▶ [WHAT TO DO] Transcribe every record in full, keeping it exactly the same.

▶ [DATA RECORDS]
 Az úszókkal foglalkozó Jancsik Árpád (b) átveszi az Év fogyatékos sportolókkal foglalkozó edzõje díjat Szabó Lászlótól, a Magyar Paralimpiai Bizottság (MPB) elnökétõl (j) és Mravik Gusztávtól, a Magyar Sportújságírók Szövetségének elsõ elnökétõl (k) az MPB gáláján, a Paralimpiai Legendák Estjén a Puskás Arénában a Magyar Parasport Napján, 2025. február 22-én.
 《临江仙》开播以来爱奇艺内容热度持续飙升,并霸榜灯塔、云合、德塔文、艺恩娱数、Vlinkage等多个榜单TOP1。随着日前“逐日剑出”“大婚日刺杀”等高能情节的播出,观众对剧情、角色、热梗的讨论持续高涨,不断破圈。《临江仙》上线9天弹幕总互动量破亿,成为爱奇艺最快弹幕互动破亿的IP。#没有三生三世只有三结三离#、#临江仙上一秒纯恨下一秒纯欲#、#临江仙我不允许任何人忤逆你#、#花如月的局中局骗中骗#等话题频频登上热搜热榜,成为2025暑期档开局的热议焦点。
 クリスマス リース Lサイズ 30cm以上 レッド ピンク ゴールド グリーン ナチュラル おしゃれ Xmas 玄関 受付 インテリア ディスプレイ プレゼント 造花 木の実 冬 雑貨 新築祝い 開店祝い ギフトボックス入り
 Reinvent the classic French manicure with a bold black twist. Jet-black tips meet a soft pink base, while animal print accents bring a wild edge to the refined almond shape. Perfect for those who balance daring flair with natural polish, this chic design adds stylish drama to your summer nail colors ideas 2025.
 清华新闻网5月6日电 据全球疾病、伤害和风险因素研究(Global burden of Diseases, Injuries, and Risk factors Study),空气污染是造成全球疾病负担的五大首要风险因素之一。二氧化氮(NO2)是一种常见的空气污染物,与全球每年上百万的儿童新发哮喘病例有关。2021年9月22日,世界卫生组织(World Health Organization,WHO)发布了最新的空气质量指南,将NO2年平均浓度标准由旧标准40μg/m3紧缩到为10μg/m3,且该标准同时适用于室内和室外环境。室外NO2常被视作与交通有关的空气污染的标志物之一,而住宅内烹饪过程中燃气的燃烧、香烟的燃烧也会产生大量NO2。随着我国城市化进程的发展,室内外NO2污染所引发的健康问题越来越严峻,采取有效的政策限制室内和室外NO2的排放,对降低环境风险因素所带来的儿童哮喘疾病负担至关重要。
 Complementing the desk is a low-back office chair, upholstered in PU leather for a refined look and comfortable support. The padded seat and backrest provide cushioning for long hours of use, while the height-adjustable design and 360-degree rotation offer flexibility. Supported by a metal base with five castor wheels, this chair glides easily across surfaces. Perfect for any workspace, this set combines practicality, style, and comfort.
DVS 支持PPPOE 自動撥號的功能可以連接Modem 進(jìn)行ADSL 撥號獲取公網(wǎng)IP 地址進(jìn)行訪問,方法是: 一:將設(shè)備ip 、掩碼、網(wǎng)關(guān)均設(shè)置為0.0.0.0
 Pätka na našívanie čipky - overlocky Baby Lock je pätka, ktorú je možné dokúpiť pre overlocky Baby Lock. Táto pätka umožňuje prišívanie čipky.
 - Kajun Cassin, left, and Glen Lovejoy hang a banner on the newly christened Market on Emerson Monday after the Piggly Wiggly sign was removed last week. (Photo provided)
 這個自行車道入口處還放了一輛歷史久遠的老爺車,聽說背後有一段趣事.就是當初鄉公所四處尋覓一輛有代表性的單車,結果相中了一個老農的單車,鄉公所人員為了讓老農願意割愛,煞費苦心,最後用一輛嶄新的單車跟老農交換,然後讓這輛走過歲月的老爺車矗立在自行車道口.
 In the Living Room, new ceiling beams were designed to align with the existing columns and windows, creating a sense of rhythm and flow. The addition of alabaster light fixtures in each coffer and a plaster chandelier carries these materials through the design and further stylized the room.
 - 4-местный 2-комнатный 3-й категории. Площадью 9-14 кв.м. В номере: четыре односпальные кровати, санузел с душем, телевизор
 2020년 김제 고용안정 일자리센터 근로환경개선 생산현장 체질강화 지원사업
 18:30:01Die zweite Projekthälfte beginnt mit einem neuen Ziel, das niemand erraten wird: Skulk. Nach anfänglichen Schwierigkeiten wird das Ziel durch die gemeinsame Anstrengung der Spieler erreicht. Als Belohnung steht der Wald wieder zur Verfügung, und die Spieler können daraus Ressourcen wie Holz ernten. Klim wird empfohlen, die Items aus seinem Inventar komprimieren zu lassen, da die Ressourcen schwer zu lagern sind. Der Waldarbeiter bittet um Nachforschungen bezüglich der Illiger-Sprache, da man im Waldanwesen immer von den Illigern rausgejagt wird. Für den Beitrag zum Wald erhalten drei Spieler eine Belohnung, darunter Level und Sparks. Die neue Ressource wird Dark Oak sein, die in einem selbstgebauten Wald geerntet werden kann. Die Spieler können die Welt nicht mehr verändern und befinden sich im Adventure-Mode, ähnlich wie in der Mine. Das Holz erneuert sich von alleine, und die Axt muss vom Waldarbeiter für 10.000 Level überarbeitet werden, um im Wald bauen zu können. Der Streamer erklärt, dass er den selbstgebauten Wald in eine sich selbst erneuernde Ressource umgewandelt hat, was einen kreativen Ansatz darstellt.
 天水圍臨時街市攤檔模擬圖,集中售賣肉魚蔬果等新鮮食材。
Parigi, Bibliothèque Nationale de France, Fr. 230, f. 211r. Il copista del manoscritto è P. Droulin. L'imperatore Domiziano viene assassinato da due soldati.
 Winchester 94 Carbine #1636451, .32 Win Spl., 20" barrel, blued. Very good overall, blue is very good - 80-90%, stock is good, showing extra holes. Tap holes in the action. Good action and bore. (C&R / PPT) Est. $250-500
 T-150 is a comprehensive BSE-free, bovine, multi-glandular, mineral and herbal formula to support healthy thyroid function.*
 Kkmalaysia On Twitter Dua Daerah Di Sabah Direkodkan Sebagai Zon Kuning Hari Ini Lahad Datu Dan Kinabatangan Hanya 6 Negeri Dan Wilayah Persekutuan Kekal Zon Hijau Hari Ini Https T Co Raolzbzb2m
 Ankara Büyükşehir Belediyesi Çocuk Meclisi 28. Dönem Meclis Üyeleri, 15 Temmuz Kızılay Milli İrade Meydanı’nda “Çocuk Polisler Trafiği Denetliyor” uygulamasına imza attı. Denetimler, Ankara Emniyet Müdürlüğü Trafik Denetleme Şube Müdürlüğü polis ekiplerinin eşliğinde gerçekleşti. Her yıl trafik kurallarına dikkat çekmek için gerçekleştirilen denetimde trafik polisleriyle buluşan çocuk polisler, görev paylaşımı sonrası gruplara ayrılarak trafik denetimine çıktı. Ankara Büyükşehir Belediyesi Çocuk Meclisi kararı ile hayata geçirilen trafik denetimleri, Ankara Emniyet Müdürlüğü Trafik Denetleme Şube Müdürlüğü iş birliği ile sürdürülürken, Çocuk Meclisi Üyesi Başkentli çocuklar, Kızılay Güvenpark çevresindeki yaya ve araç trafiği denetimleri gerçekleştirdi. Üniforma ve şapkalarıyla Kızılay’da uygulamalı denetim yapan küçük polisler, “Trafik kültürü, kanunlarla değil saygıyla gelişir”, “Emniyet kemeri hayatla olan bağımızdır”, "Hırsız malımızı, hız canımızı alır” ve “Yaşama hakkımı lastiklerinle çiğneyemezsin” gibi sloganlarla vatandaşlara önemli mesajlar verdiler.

▶ [RESPONSE TO THE TASK]
 Az úszókkal foglalkozó Jancsik Árpád (b) átveszi az Év fogyatékos sportolókkal foglalkozó edzõje díjat Szabó Lászlótól, a Magyar Paralimpiai Bizottság (MPB) elnökétõl (j) és Mravik Gusztávtól, a Magyar Sportújságírók Szövetségének elsõ elnökétõl (k) az MPB gáláján, a Paralimpiai Legendák Estjén a Puskás Arénában a Magyar Parasport Napján, 2025. február 22-én.
 《临江仙》开播以来爱奇艺内容热度持续飙升,并霸榜灯塔、云合、德塔文、艺恩娱数、Vlinkage等多个榜单TOP1。随着日前“逐日剑出”“大婚日刺杀”等高能情节的播出,观众对剧情、角色、热梗的讨论持续高涨,不断破圈。《临江仙》上线9天弹幕总互动量破亿,成为爱奇艺最快弹幕互动破亿的IP。#没有三生三世只有三结三离#、#临江仙上一秒纯恨下一秒纯欲#、#临江仙我不允许任何人忤逆你#、#花如月的局中局骗中骗#等话题频频登上热搜热榜,成为2025暑期档开局的热议焦点。
 クリスマス リース Lサイズ 30cm以上 レッド ピンク ゴールド グリーン ナチュラル おしゃれ Xmas 玄関 受付 インテリア ディスプレイ プレゼント 造花 木の実 冬 雑貨 新築祝い 開店祝い ギフトボックス入り
 Reinvent the classic French manicure with a bold black twist. Jet-black tips meet a soft pink base, while animal print accents bring a wild edge to the refined almond shape. Perfect for those who balance daring flair with natural polish, this chic design adds stylish drama to your summer nail colors ideas 2025.
 清华新闻网5月6日电 据全球疾病、伤害和风险因素研究(Global burden of Diseases, Injuries, and Risk factors Study),空气污染是造成全球疾病负担的五大首要风险因素之一。二氧化氮(NO2)是一种常见的空气污染物,与全球每年上百万的儿童新发哮喘病例有关。2021年9月22日,世界卫生组织(World Health Organization,WHO)发布了最新的空气质量指南,将NO2年平均浓度标准由旧标准40μg/m3紧缩到为10μg/m3,且该标准同时适用于室内和室外环境。室外NO2常被视作与交通有关的空气污染的标志物之一,而住宅内烹饪过程中燃气的燃烧、香烟的燃烧也会产生大量NO2。随着我国城市化进程的发展,室内外NO2污染所引发的健康问题越来越严峻,采取有效的政策限制室内和室外NO2的排放,对降低环境风险因素所带来的儿童哮喘疾病负担至关重要。
 Complementing the desk is a low-back office chair, upholstered in PU leather for a refined look and comfortable support. The padded seat and backrest provide cushioning for long hours of use, while the height-adjustable design and 360-degree rotation offer flexibility. Supported by a metal base with five castor wheels, this chair glides easily across surfaces. Perfect for any workspace, this set combines practicality, style, and comfort.
DVS 支持PPPOE 自動撥號的功能可以連接Modem 進(jìn)行ADSL 撥號獲取公網(wǎng)IP 地址進(jìn)行訪問,方法是: 一:將設(shè)備ip 、掩碼、網(wǎng)關(guān)均設(shè)置為0.0.0.0
 Pätka na našívanie čipky - overlocky Baby Lock je pätka, ktorú je možné dokúpiť pre overlocky Baby Lock. Táto pätka umožňuje prišívanie čipky.
 - Kajun Cassin, left, and Glen Lovejoy hang a banner on the newly christened Market on Emerson Monday after the Piggly Wiggly sign was removed last week. (Photo provided)
 這個自行車道入口處還放了一輛歷史久遠的老爺車,聽說背後有一段趣事.就是當初鄉公所四處尋覓一輛有代表性的單車,結果相中了一個老農的單車,鄉公所人員為了讓老農願意割愛,煞費苦心,最後用一輛嶄新的單車跟老農交換,然後讓這輛走過歲月的老爺車矗立在自行車道口.
 In the Living Room, new ceiling beams were designed to align with the existing columns and windows, creating a sense of rhythm and flow. The addition of alabaster light fixtures in each coffer and a plaster chandelier carries these materials through the design and further stylized the room.
 - 4-местный 2-комнатный 3-й категории. Площадью 9-14 кв.м. В номере: четыре односпальные кровати, санузел с душем, телевизор
 2020년 김제 고용안정 일자리센터 근로환경개선 생산현장 체질강화 지원사업
 18:30:01Die zweite Projekthälfte beginnt mit einem neuen Ziel, das niemand erraten wird: Skulk. Nach anfänglichen Schwierigkeiten wird das Ziel durch die gemeinsame Anstrengung der Spieler erreicht. Als Belohnung steht der Wald wieder zur Verfügung, und die Spieler können daraus Ressourcen wie Holz ernten. Klim wird empfohlen, die Items aus seinem Inventar komprimieren zu lassen, da die Ressourcen schwer zu lagern sind. Der Waldarbeiter bittet um Nachforschungen bezüglich der Illiger-Sprache, da man im Waldanwesen immer von den Illigern rausgejagt wird. Für den Beitrag zum Wald erhalten drei Spieler eine Belohnung, darunter Level und Sparks. Die neue Ressource wird Dark Oak sein, die in einem selbstgebauten Wald geerntet werden kann. Die Spieler können die Welt nicht mehr verändern und befinden sich im Adventure-Mode, ähnlich wie in der Mine. Das Holz erneuert sich von alleine, und die Axt muss vom Waldarbeiter für 10.000 Level überarbeitet werden, um im Wald bauen zu können. Der Streamer erklärt, dass er den selbstgebauten Wald in eine sich selbst erneuernde Ressource umgewandelt hat, was einen kreativen Ansatz darstellt.
 天水圍臨時街市攤檔模擬圖,集中售賣肉魚蔬果等新鮮食材。
Parigi, Bibliothèque Nationale de France, Fr. 230, f. 211r. Il copista del manoscritto è P. Droulin. L'imperatore Domiziano viene assassinato da due soldati.
 Winchester 94 Carbine #1636451, .32 Win Spl., 20" barrel, blued. Very good overall, blue is very good - 80-90%, stock is good, showing extra holes. Tap holes in the action. Good action and bore. (C&R / PPT) Est. $250-500
 T-150 is a comprehensive BSE-free, bovine, multi-glandular, mineral and herbal formula to support healthy thyroid function.*
 Kkmalaysia On Twitter Dua Daerah Di Sabah Direkodkan Sebagai Zon Kuning Hari Ini Lahad Datu Dan Kinabatangan Hanya 6 Negeri Dan Wilayah Persekutuan Kekal Zon Hijau Hari Ini Https T Co Raolzbzb2m
 Ankara Büyükşehir Belediyesi Çocuk Meclisi 28. Dönem Meclis Üyeleri, 15 Temmuz Kızılay Milli İrade Meydanı’nda “Çocuk Polisler Trafiği Denetliyor” uygulamasına imza attı. Denetimler, Ankara Emniyet Müdürlüğü Trafik Denetleme Şube Müdürlüğü polis ekiplerinin eşliğinde gerçekleşti. Her yıl trafik kurallarına dikkat çekmek için gerçekleştirilen denetimde trafik polisleriyle buluşan çocuk polisler, görev paylaşımı sonrası gruplara ayrılarak trafik denetimine çıktı. Ankara Büyükşehir Belediyesi Çocuk Meclisi kararı ile hayata geçirilen trafik denetimleri, Ankara Emniyet Müdürlüğü Trafik Denetleme Şube Müdürlüğü iş birliği ile sürdürülürken, Çocuk Meclisi Üyesi Başkentli çocuklar, Kızılay Güvenpark çevresindeki yaya ve araç trafiği denetimleri gerçekleştirdi. Üniforma ve şapkalarıyla Kızılay’da uygulamalı denetim yapan küçük polisler, “Trafik kültürü, kanunlarla değil saygıyla gelişir”, “Emniyet kemeri hayatla olan bağımızdır”, "Hırsız malımızı, hız canımızı alır” ve “Yaşama hakkımı lastiklerinle çiğneyemezsin” gibi sloganlarla vatandaşlara önemli mesajlar verdiler.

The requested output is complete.